夏休み ３日目 後４２日間
I’m not sure what I’m looking for.
No level of love.
No level of achievement.
No amount of friendships.
No amount of alcohol.
No matter how many times I masturbate.
It cannot shake the feelings I have.
Am I just an introvert? Just doomed to be alone?
I feel as if I’ve been committing sin after sin. I want to be forgiven by someone or something.
Is this why people turn towards a higher power?
Humans want something bigger than themselves.
Last night I just felt so out of it. Laying alone on my futon. Thinking about nothing in particular.
Sleeping and being awake.
I slept for about 12 hours.
I wonder if I’m going crazy as I spiral more and more into this darkness?
I had a strange dream where I met my grandmother who passed away in November.
Only to wake up from that to find it was a dream. I was talking with my mother about meeting grandmom.
Only to wake up again to find those both were dreams.
I always remember my dreams with great accuracy.
But it always makes me question what is reality?
Sometimes I’ll have dreams where it makes me question reality.
Do you honestly know what it’s like to not even mutter a word over the weekend? Only to speak that Monday morning at work.
“I have a voice?” I thought with surprise to myself.
I hate being home.
I want to do anything that gets me out of my apartment.

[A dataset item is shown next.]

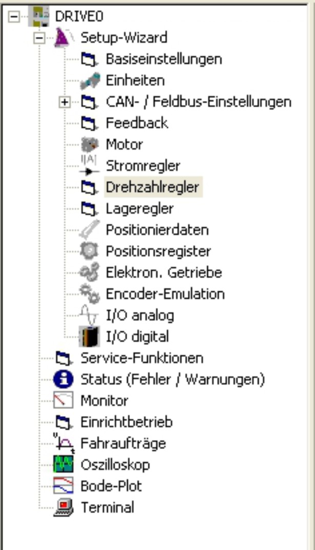 In einer Windows-Explorer ähnlichen Struktur finden Sie Links zu allen Bildschirmseiten, die Sie für Inbetriebnahme, Optimierung und Beobachtung des Servoverstärkers benötigen. Die hier angewählte Seite wird im Hauptfenster dargestellt. Die oberste Ebene des Verzeichnisbaumes trägt den Namen des Verstärkers (im Beispiel DRIVE0). |

I’ve been busy lately but I want to take the time to write down the things that have been on my mind.
I feel like things have on the whole have returned to normal. Normal as in I don’t feel depressed. I’m not abusing anything. Getting things done on a daily basis. Just trying to live life. Things are balanced more or less. There are some things that I want to do more of. There are some things I want to do less of. But I’m not stressing over them too much. I’m changing for the better even if it is slightly each day.
My job has picked up. Well, it’s still the same grind every day, but I’m just tired of the dullness of everything. So, I try to be more random with students. Saying odd things to them that might put them off guard. For example, instead of saying good morning or hello when I see them. I might say good night or goodbye. In high school, I had a teacher like this actually. Doing this has helped in a few ways. Social conversation. Maybe it’s my imagination but it just seems like I am using Japanese more and fluently. Or at least trying to. Either due to my recent no care attitude or reading more books or maybe a mix of the two.
I feel even more confident about doing my job too. When I first started out teaching English, I was so inexperienced. I was afraid to talk in front of students. I was afraid to do almost anything by myself. Now, I just go in and do it. Especially when I teach my business classes. They are absolutely easy since I have a textbook and a teacher’s guide. All I have to do is just follow the guide for the most part. But it’s all just so easy. I don’t even know where I go during that time. It’s like my mind just goes white and then it’s over. I know how the lesson is going to go. I have it set out in my hand and I just do that. I would love to do more business classes if they had them available. But at this time of the year, they probably have them all filled.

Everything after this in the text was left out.